Work order:
The records below hold a stretch from the line with "Name / Email" through the line with "La escuela nueva"; return exactly those lines, ends included, and nothing more.

Provided material:

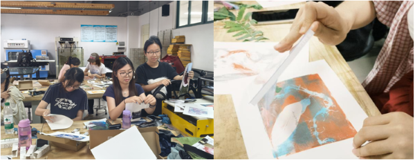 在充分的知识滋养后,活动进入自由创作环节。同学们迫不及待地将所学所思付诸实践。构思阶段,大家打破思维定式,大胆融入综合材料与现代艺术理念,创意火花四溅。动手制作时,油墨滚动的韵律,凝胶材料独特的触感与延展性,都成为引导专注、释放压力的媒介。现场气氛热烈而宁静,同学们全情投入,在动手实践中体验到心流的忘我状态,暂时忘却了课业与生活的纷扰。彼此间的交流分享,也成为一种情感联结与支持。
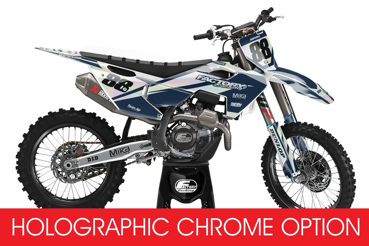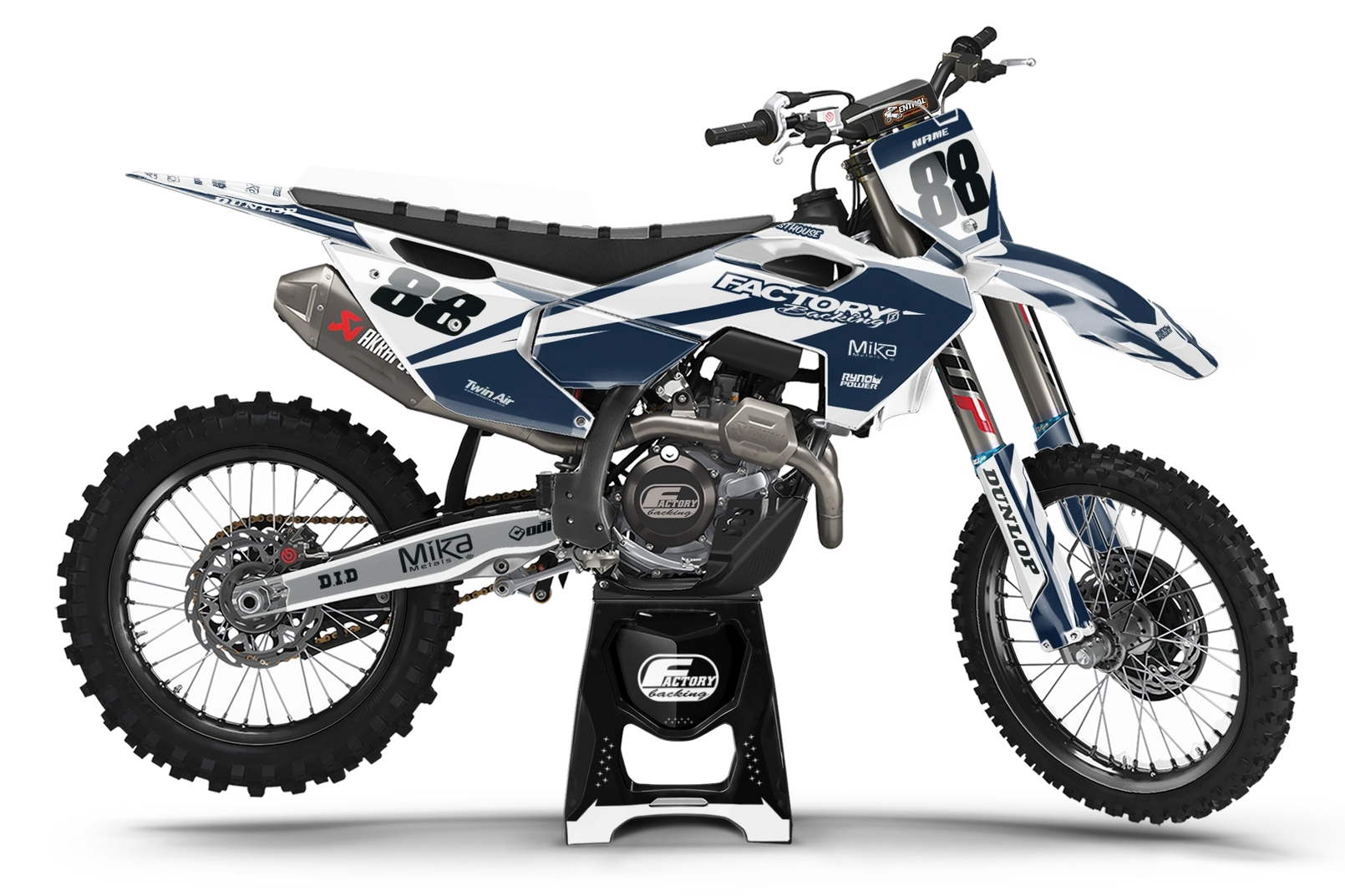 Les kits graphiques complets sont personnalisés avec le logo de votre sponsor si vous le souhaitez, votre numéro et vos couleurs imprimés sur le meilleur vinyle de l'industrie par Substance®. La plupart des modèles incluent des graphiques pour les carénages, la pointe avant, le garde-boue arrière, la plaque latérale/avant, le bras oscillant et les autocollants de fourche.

==

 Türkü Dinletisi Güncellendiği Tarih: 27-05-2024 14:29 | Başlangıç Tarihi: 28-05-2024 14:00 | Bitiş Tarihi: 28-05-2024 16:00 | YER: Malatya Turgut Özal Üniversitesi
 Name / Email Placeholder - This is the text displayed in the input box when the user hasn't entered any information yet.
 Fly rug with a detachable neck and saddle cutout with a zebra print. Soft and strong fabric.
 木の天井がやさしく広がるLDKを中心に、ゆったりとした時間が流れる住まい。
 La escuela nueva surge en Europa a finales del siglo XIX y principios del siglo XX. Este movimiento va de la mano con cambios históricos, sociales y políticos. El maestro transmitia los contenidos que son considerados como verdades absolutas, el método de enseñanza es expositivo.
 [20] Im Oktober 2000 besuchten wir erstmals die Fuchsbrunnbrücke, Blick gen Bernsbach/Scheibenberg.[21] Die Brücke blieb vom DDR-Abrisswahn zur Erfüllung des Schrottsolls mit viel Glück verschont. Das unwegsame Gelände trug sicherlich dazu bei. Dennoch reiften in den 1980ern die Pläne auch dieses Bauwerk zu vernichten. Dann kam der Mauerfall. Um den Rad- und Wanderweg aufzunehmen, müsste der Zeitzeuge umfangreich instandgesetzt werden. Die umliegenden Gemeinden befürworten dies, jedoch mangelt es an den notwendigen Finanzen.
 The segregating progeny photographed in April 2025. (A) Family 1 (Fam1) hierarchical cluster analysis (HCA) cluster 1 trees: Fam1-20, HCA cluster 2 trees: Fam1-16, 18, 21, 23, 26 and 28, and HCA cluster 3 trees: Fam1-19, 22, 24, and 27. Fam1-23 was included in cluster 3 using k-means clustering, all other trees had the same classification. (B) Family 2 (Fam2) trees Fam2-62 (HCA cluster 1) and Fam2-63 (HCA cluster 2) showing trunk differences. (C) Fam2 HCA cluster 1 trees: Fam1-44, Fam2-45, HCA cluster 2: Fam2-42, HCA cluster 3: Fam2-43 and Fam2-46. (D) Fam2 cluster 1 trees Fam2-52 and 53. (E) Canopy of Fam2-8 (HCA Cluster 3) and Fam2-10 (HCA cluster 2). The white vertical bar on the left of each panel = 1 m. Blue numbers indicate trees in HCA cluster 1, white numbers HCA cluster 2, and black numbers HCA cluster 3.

Answer space:
 Name / Email Placeholder - This is the text displayed in the input box when the user hasn't entered any information yet.
 Fly rug with a detachable neck and saddle cutout with a zebra print. Soft and strong fabric.
 木の天井がやさしく広がるLDKを中心に、ゆったりとした時間が流れる住まい。
 La escuela nueva surge en Europa a finales del siglo XIX y principios del siglo XX. Este movimiento va de la mano con cambios históricos, sociales y políticos. El maestro transmitia los contenidos que son considerados como verdades absolutas, el método de enseñanza es expositivo.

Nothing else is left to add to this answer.